Reflections on Power, Pride and Grace
“It is compromise that prevents each set of reformers from crushing the group at the other end of the political spectrum.” ― John Fitzgerald Kennedy, Profiles in Courage
Throughout our history there have been legislative issues that have deeply divided the Oregon assembly. Should our Democratic Republic survive, there will be many more. Democracy survives only by engagement, not withdrawal.
It is illustrative to look back at this very month, exactly 70 years ago. The divisive issue was not abortion or gender-affirming medical procedures as articulated in today’s HB 2002. It was segregation in 1953. People of color were not accepted in many places of so-called ‘public accommodation’ in Oregon. This Northwest state was firmly rooted in the South. The rhetoric was as passionate and righteous as anything today. Opponents of desegregation claimed a bill in the Legislature was a ”constitutional violation of their freedom of choice.” Desegregation would amount to forced associations with people against their will. There was moral and religious outrage on both sides of the debate. Rev. Elbert Riddick of the Church of the Good Shepherd in Portland said the legislation forced upon citizens “unwanted companionship” and “compulsory equality.”
There wasn’t a walkout then. Couldn’t happen. It was one-party rule like nothing we experience today. Republicans ran everything. Had there been an Endangered Species Act, Democrats would have made the list. The Oregon Senate consisted of 26 Republicans, only four Democrats.
If those four Democrats were to withhold their participation nobody would have missed them. The political problem 70 years ago was that the party in power could not walk away from themselves. They had to set aside personal animosities and grievances, make their best arguments, issue their most passionate pleas, and then make a decision that many in their own party would despise regardless of the outcome.
In the face of intense opposition in his own party, a young state representative, Republican Mark Hatfield, stood against the angry tide washing over the Capitol, offered grace over anger, and the historic Civil Rights Bill of 1953 became law.
The issue that threatens our government process is rooted far deeper than HB 2002. If not this bill, then it will be the next and then the one after that. HB 2002 is not the source of the problem, it is a reflection of something much deeper that has been lost in the Senate. Trust and respect. It has been supplanted with political pugilism. A commitment to win at all costs, even if that cost is the very institution of democracy itself.

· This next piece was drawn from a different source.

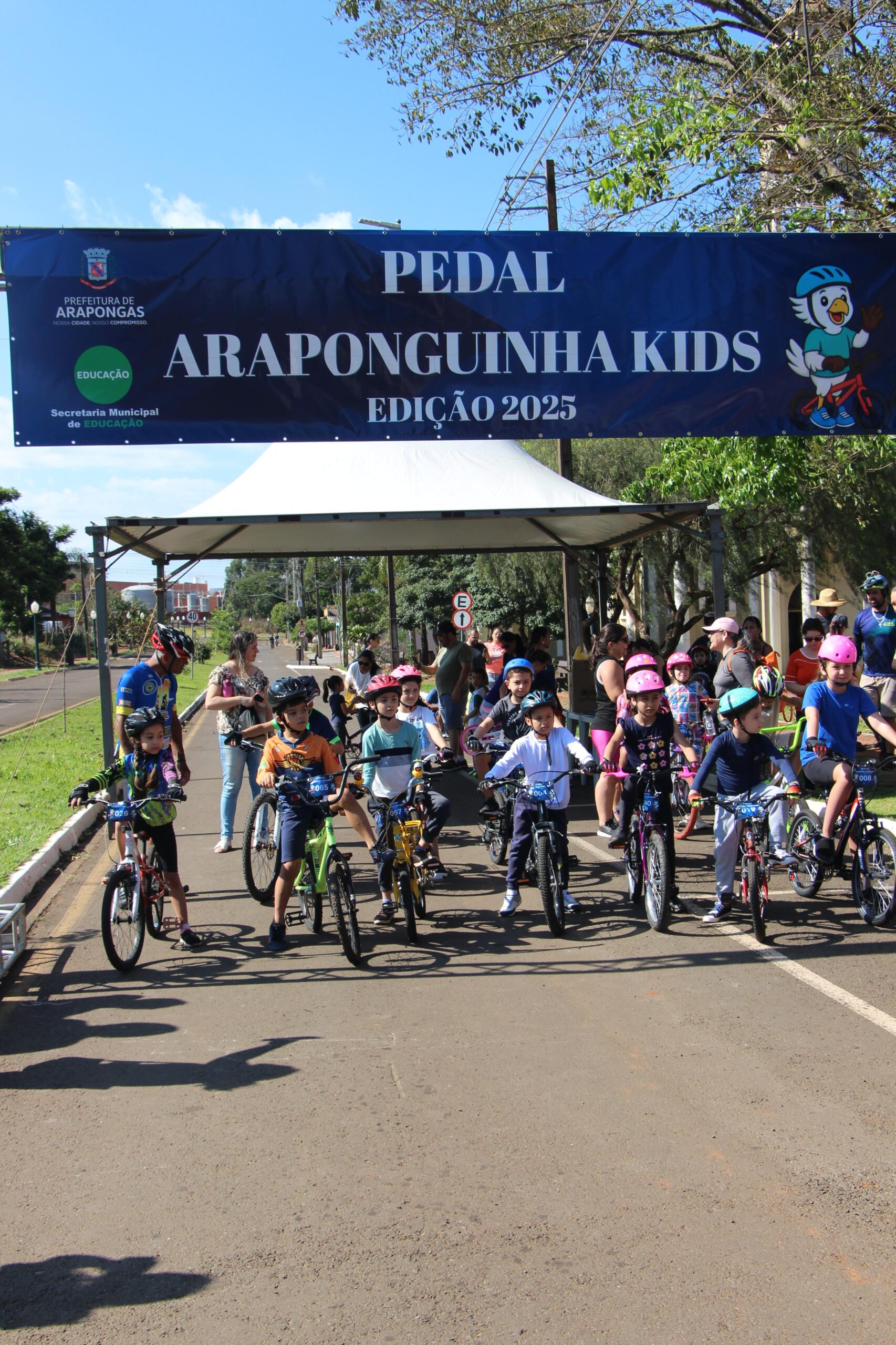 A 1ª edição do Pedal Araponguinha Kids reuniu 115 crianças inscritas na manhã de sábado, 06, no Distrito de Aricanduva, em Arapongas. A Prefeitura de Arapongas, junto às Secretarias de Educação e Esporte, apoiou a realização do evento. O secretário de Educação, Lino Batista de Oliveira, representou o prefeito Rafael Cita durante a programação.

Without trust and respect no negotiation is possible. Mario Puzo, author of “The Godfather” analyzed it well.
“Never hate your enemies—it affects your judgement.”

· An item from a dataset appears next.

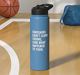 Dinosaurs Didn't Learn Coding Funny Programming Programmer Stainless Steel Insulated Water Bottle

There are 30 senators in Oregon. Each one, I genuinely believe, is an honest, dedicated person of strong convictions. The process needs that. Groupthink is the enemy of democracy, not the standard bearer. Each one of them, Republican and Democrat, can choose to be a leader.

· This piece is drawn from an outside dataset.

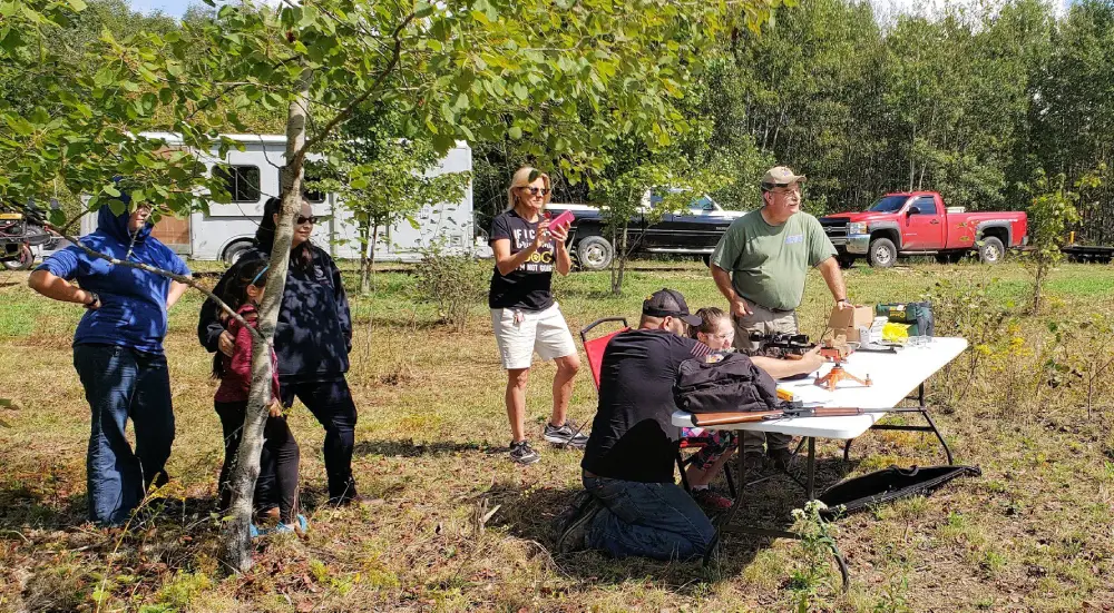 Military Veterans Outdoors Smiling man holding a compound bow outdoors with trees in the background. Military Veterans Outdoors Group portrait of nine people smiling indoors with festive decorations. Man speaking to an audience in a decorated room with string lights. People sitting at a table with a large American flag silhouette artwork. Woman smiling and holding a George Foreman grill box in a gathering. Man proudly showing a tablet with a dog's photo. A group of people gathered around a banquet table in a community hall. Group of people gathered around a table in a banquet hall. Man smiling and holding a packaged item in a casual indoor setting. Two men filling a large white tank on a truck bed using a pink bucket. People carrying buckets outdoors, possibly collecting or harvesting. Group of people gathered around a car in a forested area. Woman wearing a mask leans on a car in a wooded area with other cars lined up. A group of men conversing in a forest clearing during a casual outing. Four people stand outdoors near a vehicle, holding buckets and engaging in conversation. People collecting water from a natural spring in buckets. People loading equipment into a pickup truck outdoors. A person collects water from a shallow stream using a bucket. Three men standing and talking in a wooded area during the day. Child scooping water from a creek with a bucket. Person in a yellow jacket walking along a riverbank with a bucket. Two boys holding buckets, standing by a shallow stream. Two men standing outdoors near a tree and buckets on the grass. Two people crouching by a water body, inspecting something. Person collecting water from a stream using a bucket. Two people releasing fish into a river from buckets. Person collecting water from a stream in a plastic bag. Two people holding white buckets in a forested area. Person washing or rinsing a white container in a shallow river. Group of people holding buckets in a forest clearing. A group of smiling kids outdoors holding white buckets in a green wooded area. Group of young people outdoors with buckets and shovels. Group of people outdoors holding buckets, posing for a photo under a tree. Two men standing in a gun shop with rifles displayed behind them. Two people sitting at a table in a cozy, rustic room with wooden shelves. Person aiming a handgun at an indoor shooting range. An elderly man aiming at a target in an indoor shooting range. Man aiming a handgun at an indoor shooting range. Two people aiming rifles at a shooting range. Person in camouflage aiming a rifle at a shooting range.

It would be a suitable time to dust off that old copy of “Profiles in Courage” and re-read the story of Sam Houston of Texas, who despite intense opposition by his own supporters put the Union ahead of rebellion, and Edmund G. Ross of Kansas, whose lone vote saved the American presidency.
As Kennedy noted years ago: “There are few if any issues where all the truth and all the right and all the angels are on one side.”
Positions may be elected, but leaders emerge, as Kennedy noted, when time and circumstance demand it. That time, that circumstance has arrived in Oregon. Currently, there are the minimum majority of 16 Democrats in the Senate chamber. Each and every one of them has the power, in their vote, to stand and demand a new approach.
Who, if any, among them will step forward? Only trust and respect will lead the Senate out of the abyss. Neither virtue can be demanded. They can only be earned. Only then will grace lead them home.